US Yields UP, but Dollar DOWN ..... not only is it counter-intuitive, it's also a bit of a worry

Monday 24th September 2018

US Yields UP, but Dollar DOWN ..... not only is it counter-intuitive, it's also a bit of a worry

ref :- " Dollar Break With Yields Promps Concern U.S. Has Funding Issue " , Bloomberg Markets

We talk about yield spreads quite a lot .... well, doesn't everybody. Somewhat to our surprise (embarrassment ?) we note that we haven't specifically mentioned the US / Germany 10yr spread for quite a while. That's probably a bit remiss of us, bearing in mind that at over 260 basis points the gap between what you can earn on a 10yr US Treasury Note (say 3.07%) and a 10yr German Bund (0.46%) is at its widest since the late 1970s and 1980s. Back then US inflation was about 3% higher than (West) Germany's and you would certainly expect monetary policy to reflect that, but today the difference in inflation rates is comparatively minimal so the current yield premium for US securities is a pretty big deal.

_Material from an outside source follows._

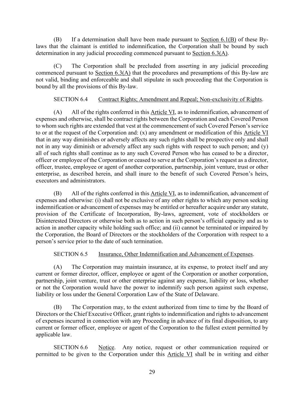 29 (B) If a determination shall have been made pursuant to Section 6.1(B) of these By- laws that the claimant is entitled to indemnification, the Corporation shall be bound by such determination in any judicial proceeding commenced pursuant to Section 6.3(A). (C) The Corporation shall be precluded from asserting in any judicial proceeding commenced pursuant to Section 6.3(A) that the procedures and presumptions of this By-law are not valid, binding and enforceable and shall stipulate in such proceeding that the Corporation is bound by all the provisions of this By-law. SECTION 6.4 Contract Rights; Amendment and Repeal; Non-exclusivity of Rights. (A) All of the rights conferred in this Article VI, as to indemnification, advancement of expenses and otherwise, shall be contract rights between the Corporation and each Covered Person to whom such rights are extended that vest at the commencement of such Covered Person’s service to or at the request of the Corporation and: (x) any amendment or modification of this Article VI that in any way diminishes or adversely affects any such rights shall be prospective only and shall not in any way diminish or adversely affect any such rights with respect to such person; and (y) all of such rights shall continue as to any such Covered Person who has ceased to be a director, officer or employee of the Corporation or ceased to serve at the Corporation’s request as a director, officer, trustee, employee or agent of another corporation, partnership, joint venture, trust or other enterprise, as described herein, and shall inure to the benefit of such Covered Person’s heirs, executors and administrators. (B) All of the rights conferred in this Article VI, as to indemnification, advancement of expenses and otherwise: (i) shall not be exclusive of any other rights to which any person seeking indemnification or advancement of expenses may be entitled or hereafter acquire under any statute, provision of the Certificate of Incorporation, By-laws, agreement, vote of stockholders or Disinterested Directors or otherwise both as to action in such person’s official capacity and as to action in another capacity while holding such office; and (ii) cannot be terminated or impaired by the Corporation, the Board of Directors or the stockholders of the Corporation with respect to a person’s service prior to the date of such termination. SECTION 6.5 Insurance, Other Indemnification and Advancement of Expenses. (A) The Corporation may maintain insurance, at its expense, to protect itself and any current or former director, officer, employee or agent of the Corporation or another corporation, partnership, joint venture, trust or other enterprise against any expense, liability or loss, whether or not the Corporation would have the power to indemnify such person against such expense, liability or loss under the General Corporation Law of the State of Delaware. (B) The Corporation may, to the extent authorized from time to time by the Board of Directors or the Chief Executive Officer, grant rights to indemnification and rights to advancement of expenses incurred in connection with any Proceeding in advance of its final disposition, to any current or former officer, employee or agent of the Corporation to the fullest extent permitted by applicable law. SECTION 6.6 Notice. Any notice, request or other communication required or permitted to be given to the Corporation under this Article VI shall be in writing and either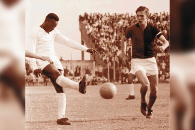 Alberto Poncio, al año siguiente, en 1964, marcando a Pelé. El Beto fue uno de los que defendió los colores de Colón en la C y jugó aquélla última vez en cancha de Barracas Central. Crédito: Archivo El Litoral

Such a wide (and widening) interest rate differential in favour of US yields would at face value seem to be strongly supportive of the US currency, yet two weeks ago EUR / US$ closed at a touch above $1.15, and on Friday it finished at almost exactly $1.18. Plainly, fundamentally important though they are, interest rate differentials aren't everything ..... not current ones, at least. We must also pay attention to expectations of interest differentials, and the theory that the rest of world is about to embark on a journey of monetary policy normalisation that is already well advanced in the States is one that is being put forward as a reason for Dollar weakness.

Mmm .... we see the argument but that looks like more of a longer-term playbook. People have been saying the same thing for quite a while, but right now the strong growth, very tight labour markets and on-target inflation data in the US means that continuing monetary tightening looks both likely and appropriate for some time yet. In the Eurozone on the other hand, we can certainly hear some slightly less doveish noises from the ECB but their approach is nothing if not cautious.

Probably more of a factor -- something we spoke about last week -- is the remarkably phlegmatic manner in which markets are absorbing what some might have assumed was worrying news. Rather than being daunted by such irritants as an escalating trade war, vulnerable emerging markets or even that pesky Brexit, investors have moved towards "Risk - On" mode, with some even suggesting that the likes of Argentina and Turkey look cheap. That of course is a downer for safe-havens, of which the Dollar comes near the top of the list (along with US Treasuries -- hence lower prices/higher yields). Such an explanation is also supported by the fact that the only major currency against which the Dollar has gained ground is the Japanese Yen -- traditionally the ultimate safe-haven currency.

But there's another theory that's slowly gaining traction : Dollar weakness at the same time as rising yields is a function of the reduced appetite for US assets as the spectre of America's twin deficits -- Fiscal and Current Account -- begin to loom larger. Yields may rise as the Treasury is forced to borrow more, but not enough to attract the foreign investment required to finance its current account deficit. For that, outside investors require a weaker dollar too. Supporters of the theory would point to Treasury data revealing that domestic investors are taking up a bigger share of an increasing debt burden as evidence. Overseas buyers have proportionately their smallest share of US Treasuries since 2003.

These are indeed curious times, with historically reliable correlations (such as those between comparative interest rates and value of the currency) seemingly being parked to one side for the time being. According to Maoko Ishikawa of JPMorgan Chase in Tokyo, it could just be a temporary anomaly. Once people have a clearer idea of the Fed's plans for next year, and start pricing them in, the old correlations should reassert themselves.

Others are not so sure ..... There are numerous factors behind rising US yields but for convenience's sake Louis Gave of Gavekal Research distills them into just three : the first two are strong growth and rising inflationary pressures -- neither of those really explain the recent weakness of the dollar, however. A third reading of the situation might be that investors are getting nervous about US deficits and debt ..... and that would explain dollar weakness. According to Mr Gave, it's not necessarily the most likely scenario .... but it's certainly the most worrying.